I've always joked-but-not-really that I know I am living my best life when I am doing the things that teenage me wanted to do but never got the chance to. For example: seeing the Spice Girls live (they never played in Puerto Rico, but I saw them in my 20s), traveling to Japan and playing a drinking game with a geisha in Kyoto (OK, my teen self never actually wanted this, but trust that if she knew it was an option, she would SO be here for it), or finding a purple and green dress from my all-time-favorite Prada collection from spring 1996, for under $100, and wearing it to my 30th birthday, a full 18 years after it was officially declared "in."
It retailed for $960, back when I spent most of my time singing about Walking into spiderwebs and secretly wishing I could make it the message on our answering machine. But I wasn't even paying attention to the prices. These clothes, this whole business of fashion was so incredibly out of my reach that it wasn't even "out of my reach," it was just an interest I had, the same way I had an interest in outer space, but knew that I would never witness the beauty of the Andromeda Galaxy firsthand.

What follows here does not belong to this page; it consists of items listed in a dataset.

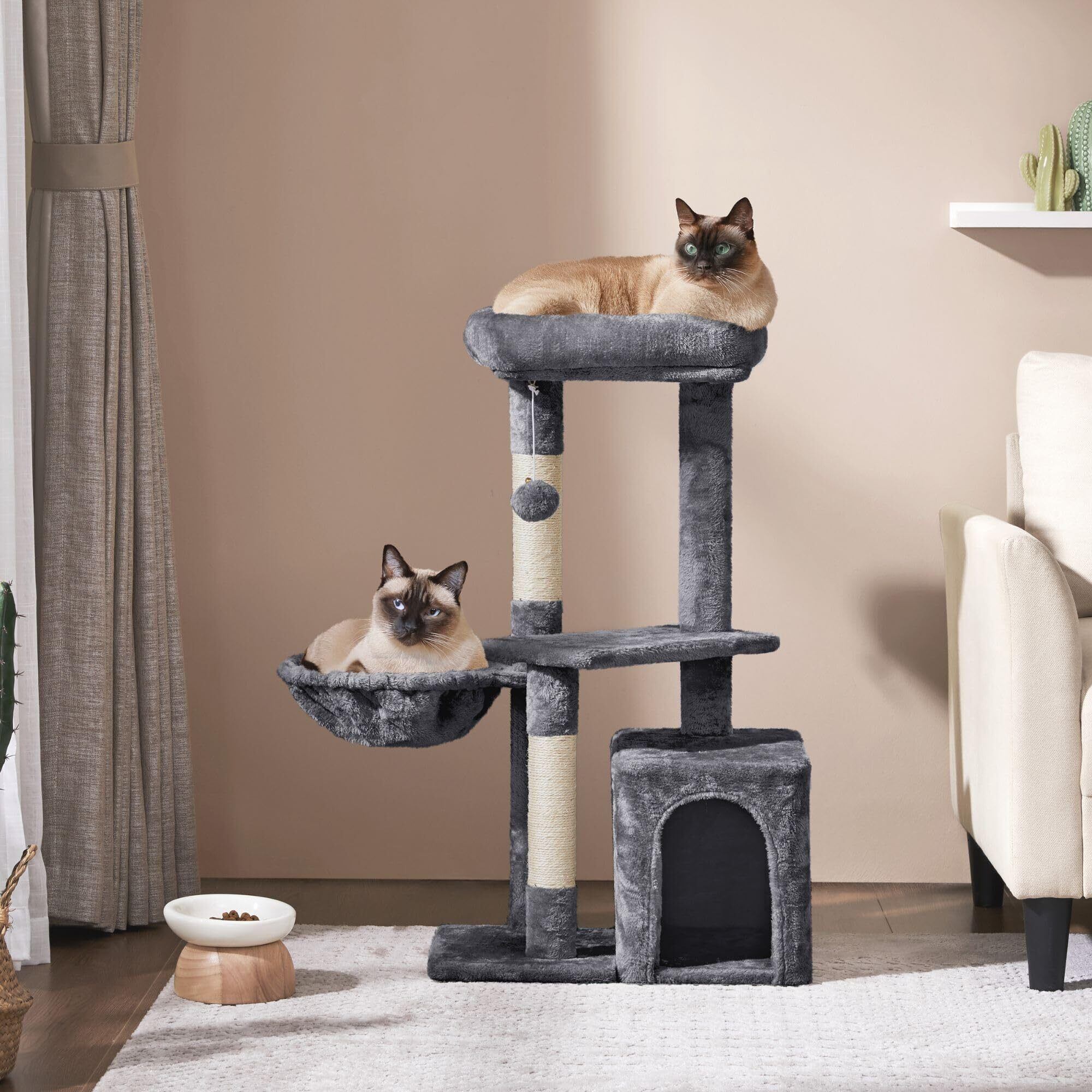 Yaheetech キャットタワー 中型 シニア猫 子猫 多頭飼い 猫タワー 爪研ぎ 広いハウス ハンモック 据え置き おもちゃ付き 天然サイザル 転倒防止 高さ87cm (ダークグレー)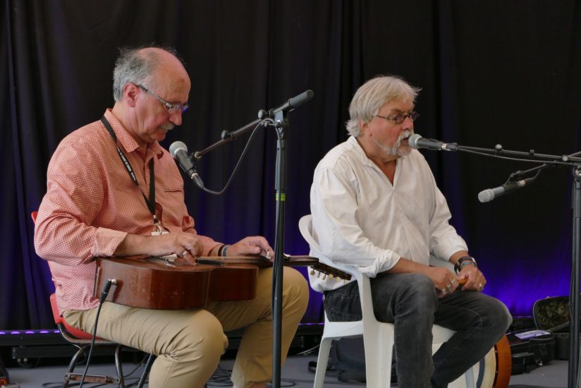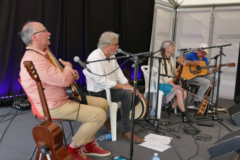 Roland : Il va falloir parce que, lundi par exemple, on a besoin de beaucoup plus d’une heure. On fait quelques cabarets et des choses comme ça où il va falloir faire deux passages. On va travailler d’arrache-pied et faire ça sans problème. Et puis il y a quelques compositions. On a commencé dans la musique traditionnelle avec Patrick, c’est vrai qu’on a abordé des répertoires différents, des chansons françaises nouvellement composées pour nous. Là, dans le programme, on a une chanson qu’a écrite Liette, des chansons qui viennent d’un répertoire début XXe, principalement québéquois.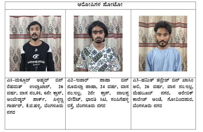 Deputy Commissioner of Police,East Division,D.Devraj, said that the accused Maqsood Ahmed,26,vegetable vendor at Bazaar Street in Halasuru and resident of DJ Halli and his associates Izhar Pasha,24 and Hameed Tabrez,26 were track down based on the CCTV footage .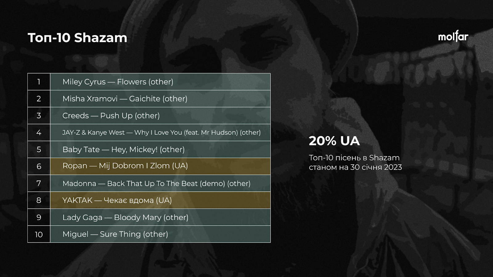 Molfar провела дослідження про те, як змінилися музичні вподобання українців протягом повномасштабної війни.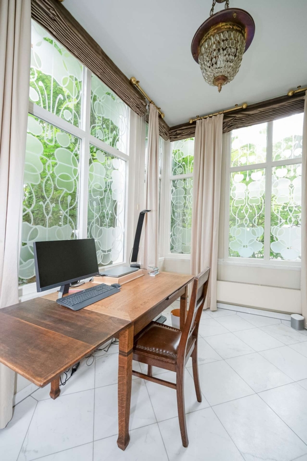 Maßgefertigte Einbauschränke, raumhohe Holztüren und Messing-Spots unterstreichen den handwerklichen Anspruch, genauso wie die dreifachverglasten Holzfenster mit Sicherheitsglas und stilvollen Marmorfensterbänken.

In any case, sticker shock has never kept me from lusting after a piece of clothing, because I know one day it will be mine. I don't mean "Wait until it goes on sale," although sure, that's a thing you can do. What I mean is, wait years and years, and eventually you will find your dream garment on eBay for a small fraction of its original price. The bonus of shopping like this is that when you finally find what you have been looking for, that one item that just happens to be available in your size — and usually for verrrrrry cheap — it feels like a little gift from the world. (There is also no risk of having buyer's remorse.)
It might seem like a weird way to buy clothes, depending on privileged people to throw out things they don't have any use for, but that you're still thinking about two seasons or five seasons or even a decade later. Yet that is usually what I spend the most time on when I am pissing around the Internet. I used to go on eBay every couple of months, and maybe once or twice a year, there was a treasure waiting for me: silver-foil Mary Janes from Marc Jacobs spring 2005 collection, purple and white plaid pumps from Miu Miu spring 2001, a floral-print skirt from Balenciaga's spring 2004 collection (which I later traded to a friend for a very-sold-out and hard-to-get Christopher Kane dress with a gorilla on the front). These pieces always end up becoming part of my power-dressing outfits, because I assume there is a bit of magic in the fact they made their way to me in the first place.
I love the ephemeral quality of fashion, that clothes exist only for a specific window of time, and that our closets are an active trove of memorabilia from our everyday lives. If I see a woman wearing a jacket from J.W. Anderson's latest collection, I think, There's a woman with great taste and a bit of expendable income and keep walking, but a woman wearing a horse-print dress from when Stella McCartney was designing for Chloé back in 2001, it's more of a Holy shit! Amazing, and I will want to talk to her because in her look, I see that we have a shared history.
The year I turned 30 was not a very good one. I was mostly unemployed or "freelancing," depending on my audience. I didn't shop the entire year, because even spending $24.90 on a top at Zara would have left me unable to eat for a week. But when I found that purple and green vine-print spring '96 Prada dress — a holy-grail dress if there ever was one — for $59.99, I knew there was just no way I could let it go.
I wore it a few months later when my then-boyfriend took me out to a birthday dinner at the same restaurant where we had had our first date. I was depressed about my job prospects, and our relationship had a looming expiration date that we were both ignoring for the duration of the meal. Later that weekend, we would break up (for the third time) and get back together within the span of a couple of hours, but wearing that dress I felt like at least I was failing while actively following my dreams. In New York!, wearing the 20-year-old Prada dress I had fantasized about for so long.
And the truth is, if you gave me the option to own a new Gucci dress or the red velvet suit that Tom Ford sent down the runway in 1997, I will always, always, pick the red velvet suit. Despite the fact that I've never met this suit, I have loved this suit, I have a relationship with this suit. When I was figuring out what a woman should be, what me as a woman would look like, I imagined myself in that sharply tailored velvet suit and a baby-blue button-down shirt unbuttoned down to there, attending some sort of business function where an exposed décolletage is not frowned upon. This particular suit won't be popping up on any resale website for "a couple hundred dollars" anytime soon — it's one of those iconic looks that will be in a museum in a few years, if it's not already there. But I know that one day, it too will find its way into my wardrobe. Because me and these clothes, we go way back.